Exercise brief
Leave every picture out and give back the lines below from the first through the line that holds "製品サイズ (約)幅30cm 奥行41.5cm", exactly as written.

Saved entries:
____

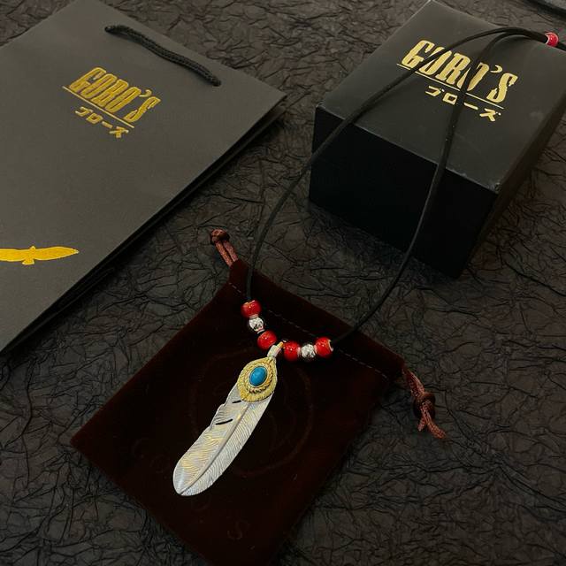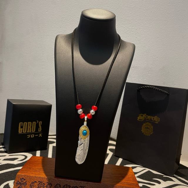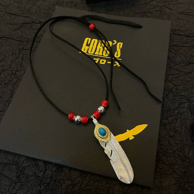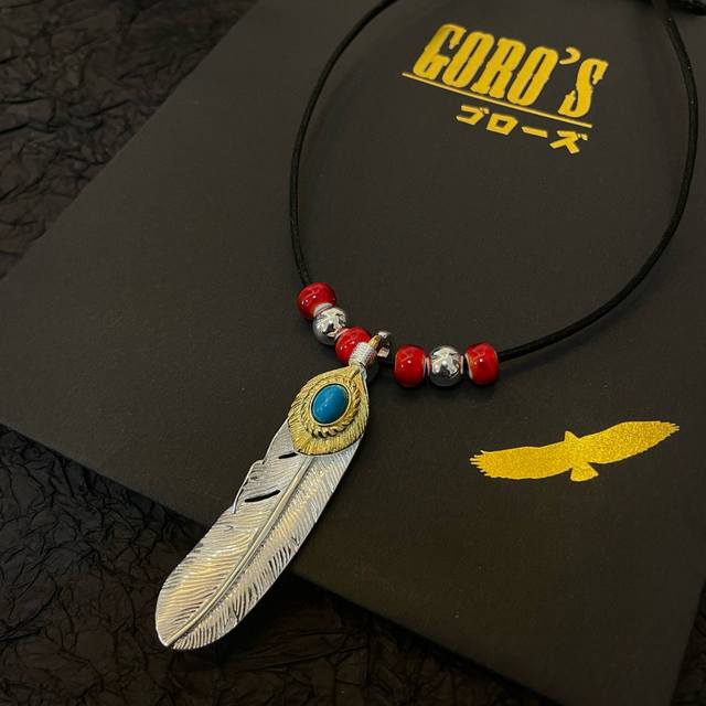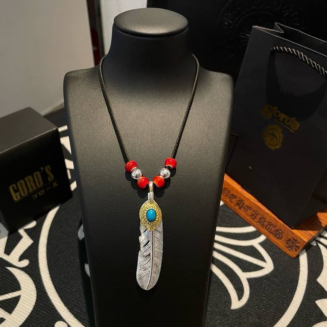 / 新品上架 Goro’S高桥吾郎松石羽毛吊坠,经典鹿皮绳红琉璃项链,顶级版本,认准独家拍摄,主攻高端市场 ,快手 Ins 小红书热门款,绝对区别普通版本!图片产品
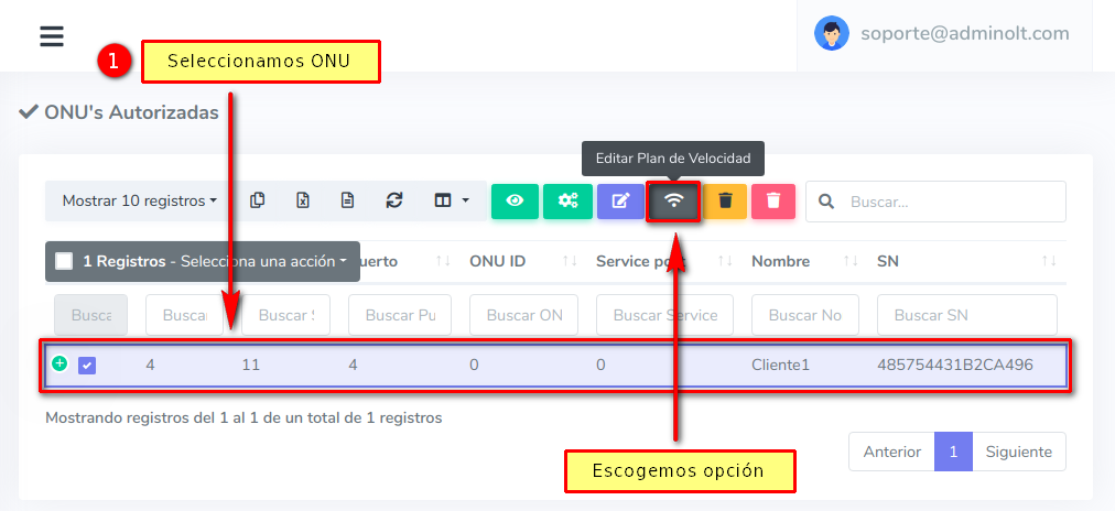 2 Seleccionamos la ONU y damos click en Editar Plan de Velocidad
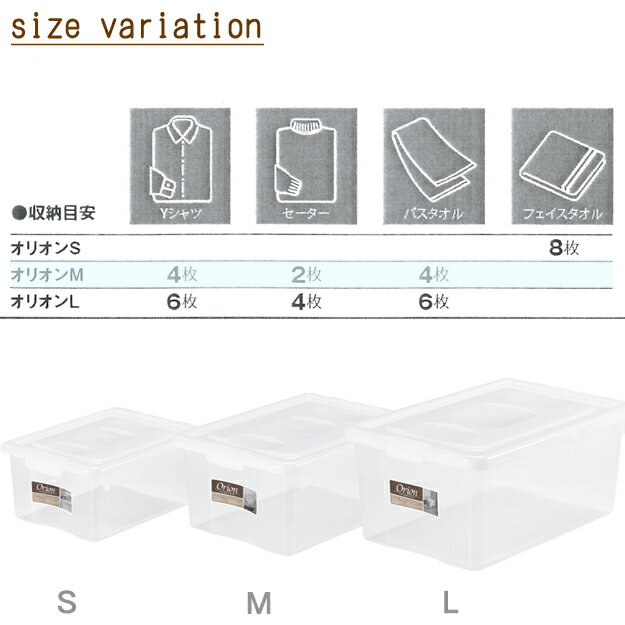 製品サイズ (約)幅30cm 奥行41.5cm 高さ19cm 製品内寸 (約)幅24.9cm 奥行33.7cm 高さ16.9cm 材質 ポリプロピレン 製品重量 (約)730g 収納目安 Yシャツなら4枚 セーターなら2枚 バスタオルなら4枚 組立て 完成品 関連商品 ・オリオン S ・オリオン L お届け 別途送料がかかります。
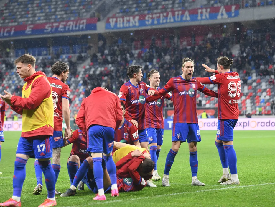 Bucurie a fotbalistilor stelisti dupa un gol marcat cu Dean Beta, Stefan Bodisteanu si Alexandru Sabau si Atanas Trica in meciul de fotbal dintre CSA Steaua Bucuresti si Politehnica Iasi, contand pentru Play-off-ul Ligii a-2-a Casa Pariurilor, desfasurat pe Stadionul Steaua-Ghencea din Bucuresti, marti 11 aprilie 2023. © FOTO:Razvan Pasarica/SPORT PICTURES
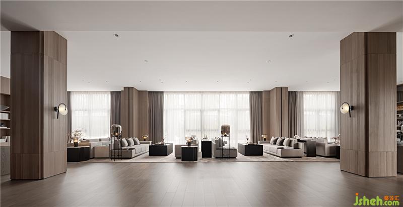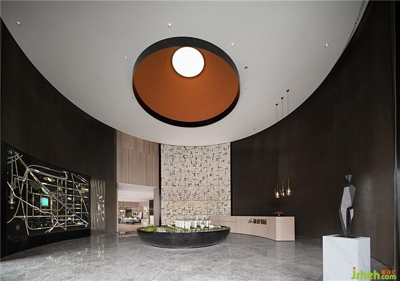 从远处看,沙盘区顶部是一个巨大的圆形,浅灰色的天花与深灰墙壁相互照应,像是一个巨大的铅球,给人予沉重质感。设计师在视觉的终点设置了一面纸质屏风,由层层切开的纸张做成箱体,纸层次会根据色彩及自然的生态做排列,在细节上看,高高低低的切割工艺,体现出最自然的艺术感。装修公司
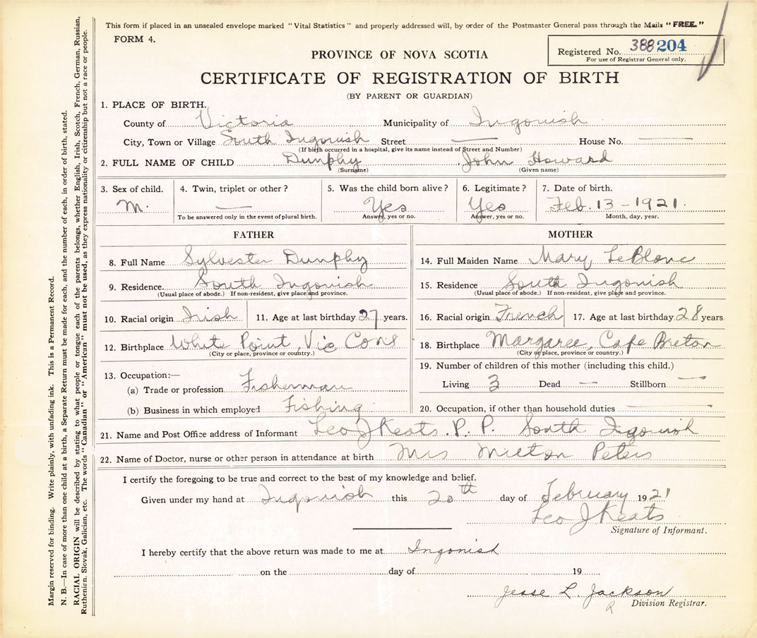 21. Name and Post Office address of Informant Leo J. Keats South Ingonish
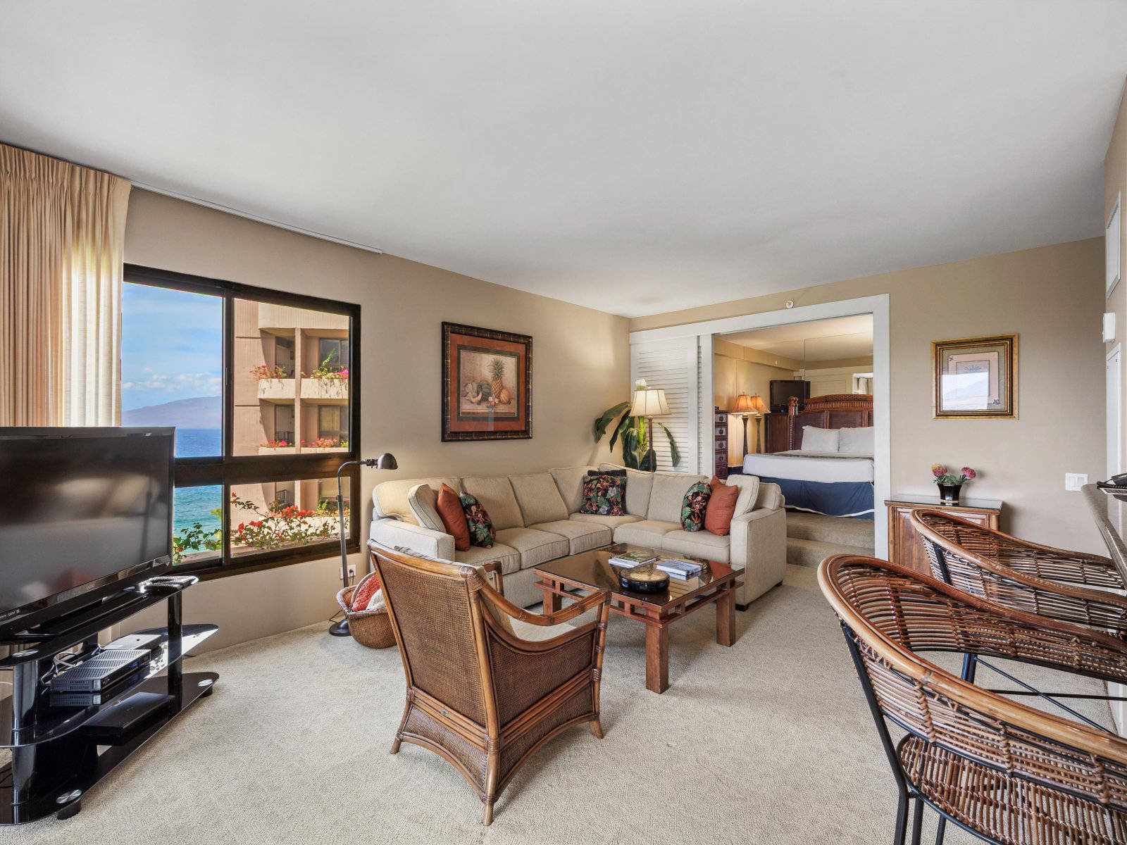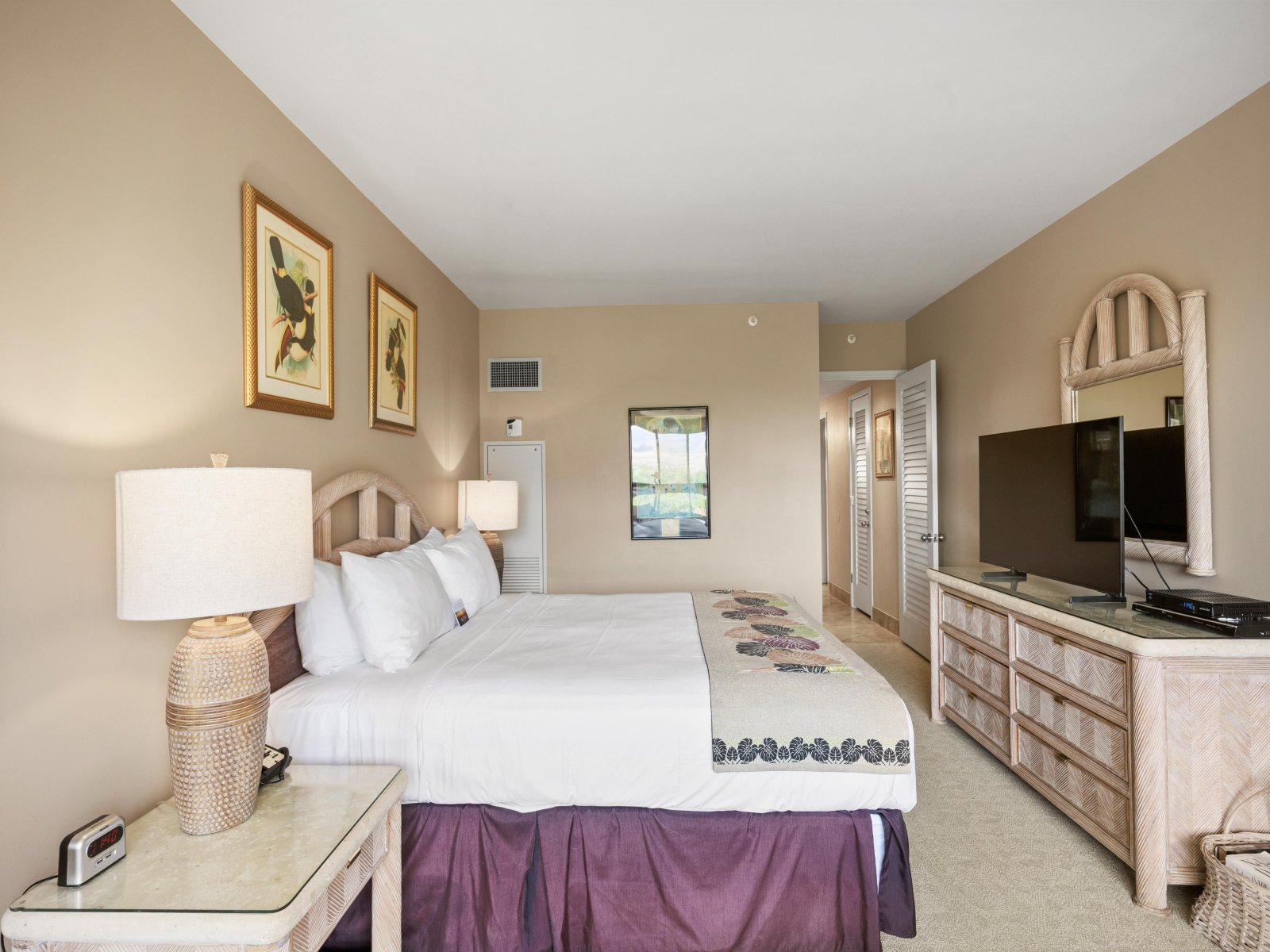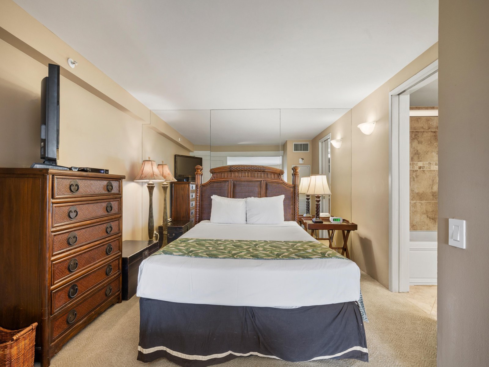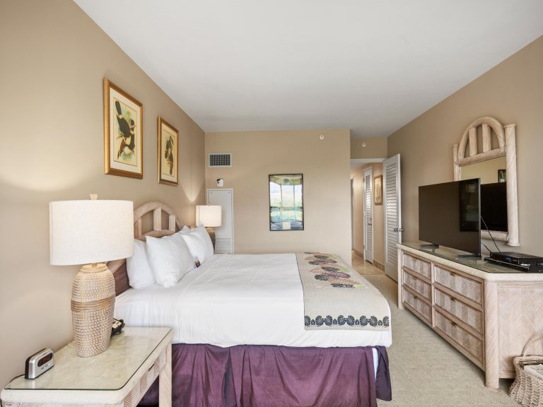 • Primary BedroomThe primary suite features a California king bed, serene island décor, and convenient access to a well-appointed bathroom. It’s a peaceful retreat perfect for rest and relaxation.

____

Task output
 / 新品上架 Goro’S高桥吾郎松石羽毛吊坠,经典鹿皮绳红琉璃项链,顶级版本,认准独家拍摄,主攻高端市场 ,快手 Ins 小红书热门款,绝对区别普通版本!图片产品
 2 Seleccionamos la ONU y damos click en Editar Plan de Velocidad
 製品サイズ (約)幅30cm 奥行41.5cm 高さ19cm 製品内寸 (約)幅24.9cm 奥行33.7cm 高さ16.9cm 材質 ポリプロピレン 製品重量 (約)730g 収納目安 Yシャツなら4枚 セーターなら2枚 バスタオルなら4枚 組立て 完成品 関連商品 ・オリオン S ・オリオン L お届け 別途送料がかかります。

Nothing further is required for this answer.